An extremely fine quality late nineteenth century French solid silver-gilt seven-piece tea and coffee service by Puiforcat à Paris, each piece, but not the tray, fully hallmarked with the Puiforcat stamp and the head of Minerva facing right with the number 1 (to denote 950 purity) and also stamped underneath with the name Puiforcat Paris in capital letters but in lower case letters on the underside of the coupe. The set comprising a silver-gilt teapot, coffee pot, milk jug, covered sugar bowl, coupe and spoon and a gilt-plated tray. The coffee pot and teapot each with an eagle head spout, fluted neck, a stop-fluted scrolled ivory handle and a hinged domed cover surmounted by a floral and fluted finial above a baluster-shaped body ornamented with upright palmettes interspersed by lotus motifs supported on a spreading circular foot with stiff leaf and fluted bands.

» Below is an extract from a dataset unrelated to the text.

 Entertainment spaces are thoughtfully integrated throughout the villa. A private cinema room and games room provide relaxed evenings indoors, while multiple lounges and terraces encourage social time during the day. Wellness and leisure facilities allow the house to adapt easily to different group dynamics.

The milk jug of similar form and decorations and likewise with a conforming ivory handle and fluted neck with splayed rim. The covered sugar bowl with a more rounded body with the same domed top as the coffee and teapot, with a pair of outward scrolled silver-gilt and ivory handles cast with a rosette at either end. The circular coupe with the same palmette and lotus decorations around its body. The tray of oval form with an egg-and-dart border, with a pair of handles that conform with those of the sugar bowl, the tray centred by the Kroyer-Kielberg coat of arms portraying the steering wheel of a ship upon a helm, and within the crest two lions combatant above a Viking ship in full sail above the family motto Fidem Servabo (meaning ‘I will keep Faith’). The tray housed in its original red velvet and silk damask lined black leather case, the other six pieces in another identical case, with each case bearing an engraved plaque below the handle engraved with images of each item and their actual placing within the box, the plaque for the tray numbered 65
Paris, date circa 1890
Each piece (except for the tray) fully hallmarked.

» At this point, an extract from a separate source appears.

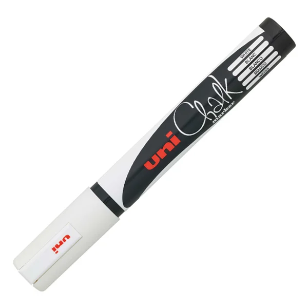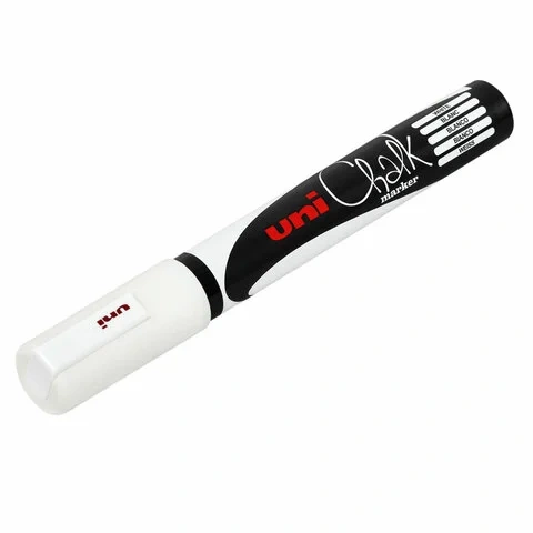 Маркер меловой Uni Chalk PWE-5M белый, 1.8-2.5мм, круглый наконечник, для окон и стекла
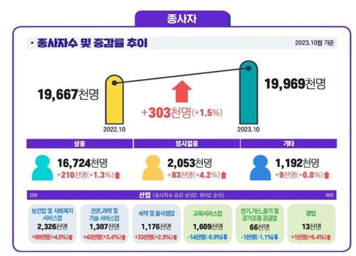 10월말 기준 사업체 종사자 수는 1천996만9천 명으로, 작년 9월 대비 30만3천 명(1.5%) 증가했다.

The tray: length with handles 77 cm, width 49.5 cm.
The teapot: height without handle 21 cm.
The coffee pot: height without handle 25 cm.

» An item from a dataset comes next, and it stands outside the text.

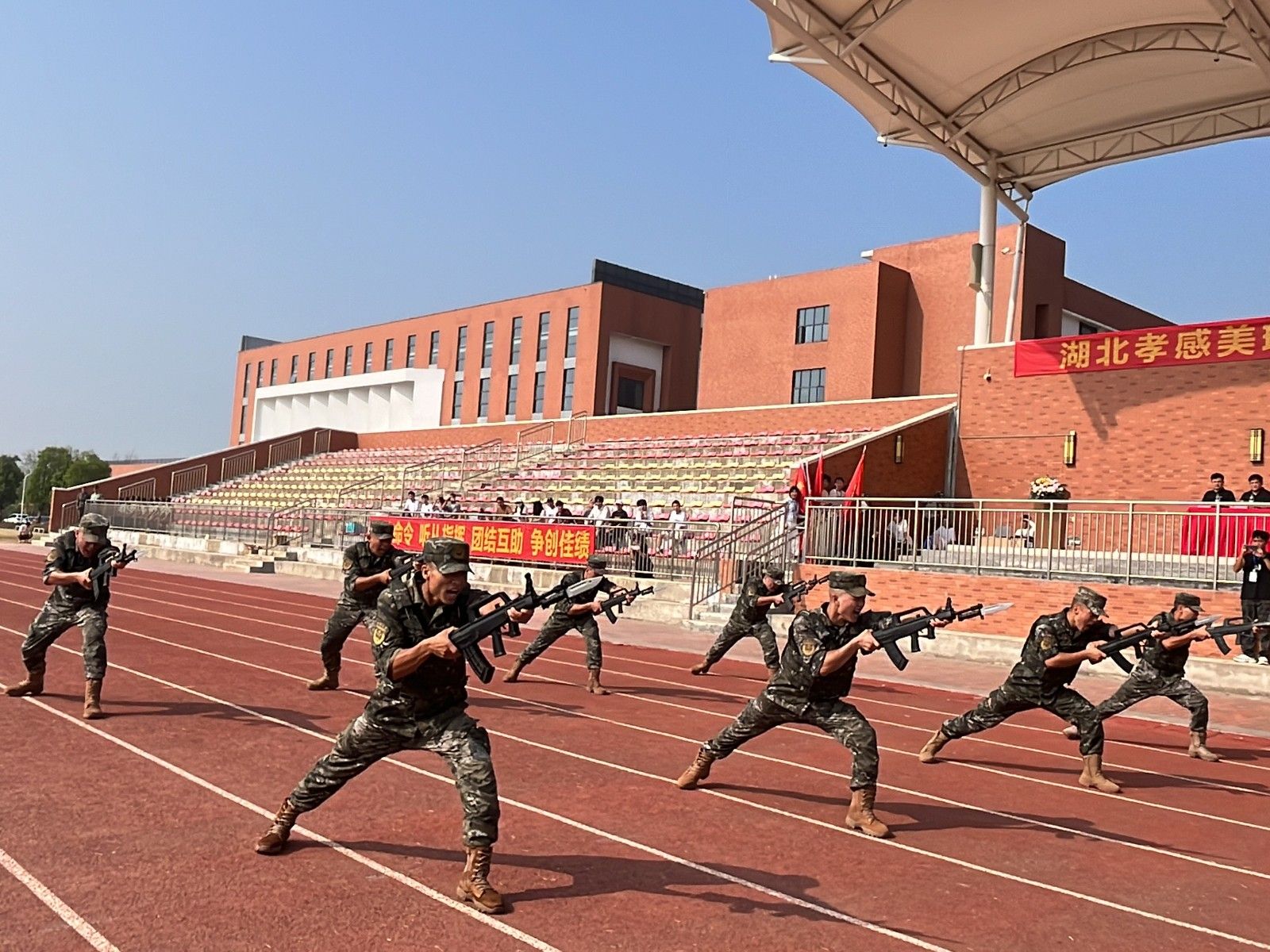 9时10分许,武警孝感支队官兵入场,官兵们动作整齐划一,行动中动作变换刚劲有力,敬礼动作潇洒自如,令人肃然起敬。规范、标准的动作表演,赢得在场师生的满堂喝彩,也极大地调动了参训学生参加军训的热情,并对即将到来的14天军训充满期待。
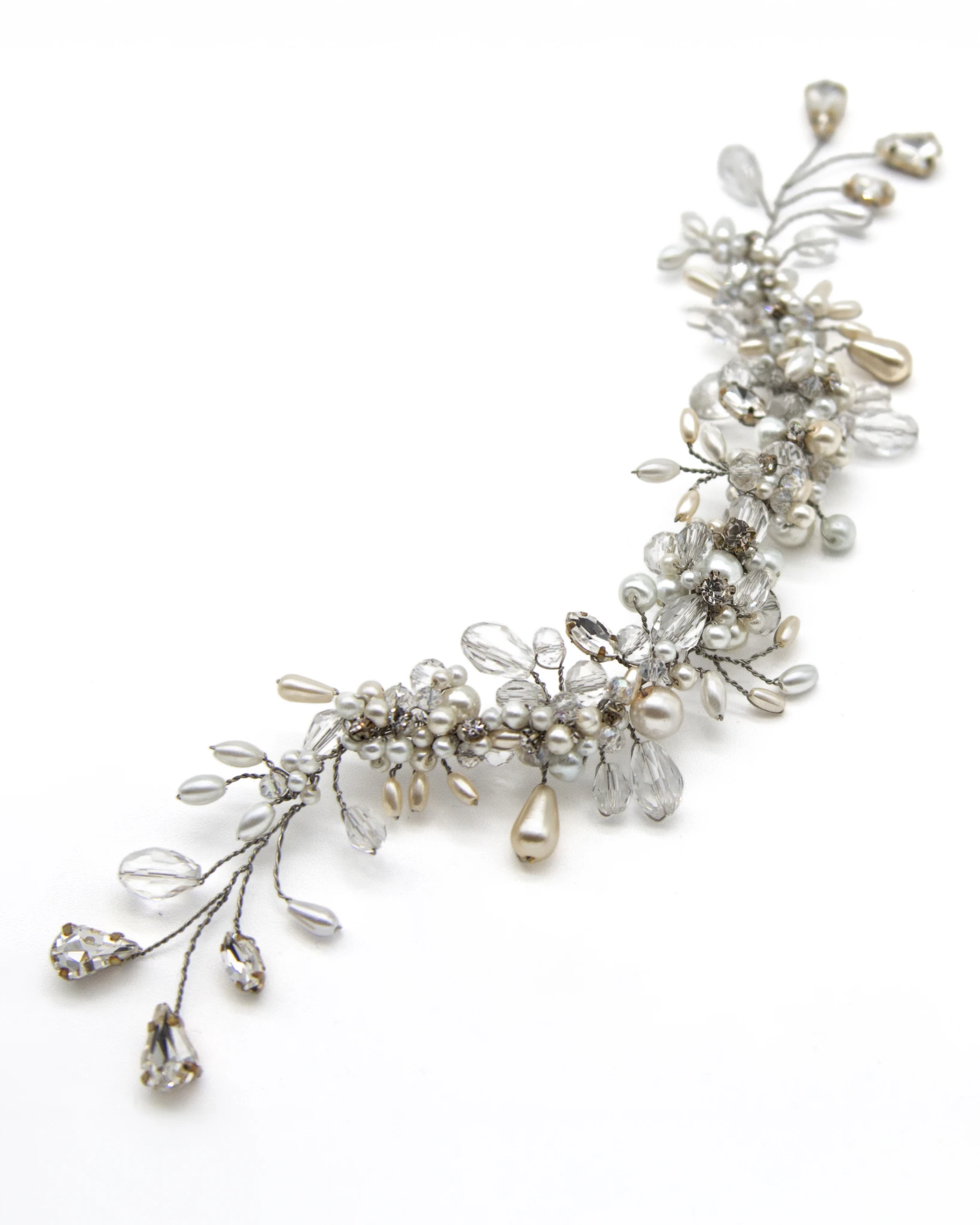 Este tocado fue creado a mano con técnica de alambrismo, combinando perlas white , gotas en strass y cristales checos en tonos white.

The milk jug: height 14 cm.
The sugar bowl: height 17 cm.
The coupe: diameter 11 cm, height 5 cm.
The spoon: length 12.5 cm.
This superb quality tea and coffee service is without doubt one of the finest of its kind and given that all the pieces bar the tray are of solid silver gilt and of the highest purity, it would have been an extremely expensive service, only to be afforded by a very wealthy member of society. Made by the eminent Parisian silver manufacturing firm of Puiforcat, it epitomises the interest in past historical styles that prevailed in Europe during the latter part of the nineteenth century. As one art critic noted when describing the jewellery, silver table ornaments as well as tea and coffee services shown at the Paris Exposition Universelle in 1881 “Louis Quatorze, Louis Quinze and Louis Seize – these motifs are all the rage” (“The Jewellery & Metalworker”, 1st March 1890, p. 78). Puiforcat, along with other leading Paris silversmiths such as Boin-Taburet, Odiot, Falize and Boucheron was one of many to exhibit a highly eclectic range of styles at this period, in which they borrowed and adapted designs from previous generations to create entirely new pieces for the luxury market. Puiforcat not only admired and made pieces that reflected past historical styles but also owned a superb collection of old gold and silver. Among those works was a silver gilt washbowl of 1719-20 attributed to the royal silversmith Nicolas Besnier which was made as part of a toilet set for Louis XIV’s daughter Françoise-Marie de Blois, duchesse de Chartres and Orléans. In addition, the firm also owned a seventeenth century gold goblet once owned by Anne of Austria which, with the washbowl and many other pieces from their collection, is now in the Musée du Louvre, Paris.
The design of the present tea and coffee service is a synthesis between the late eighteenth century Louis XVI style and that of the early nineteenth century Empire, in which classical design and decorations, such as the palmettes as well as symmetrical forms, predominate. More particularly the foliate finials look back to the Louis XVI style while the distinctive eagle head spouts are more akin to the work of the Empire silversmiths such as Biennais or Odiot. The result is a happy marriage between the two classical styles that also combine aesthetics with practicality.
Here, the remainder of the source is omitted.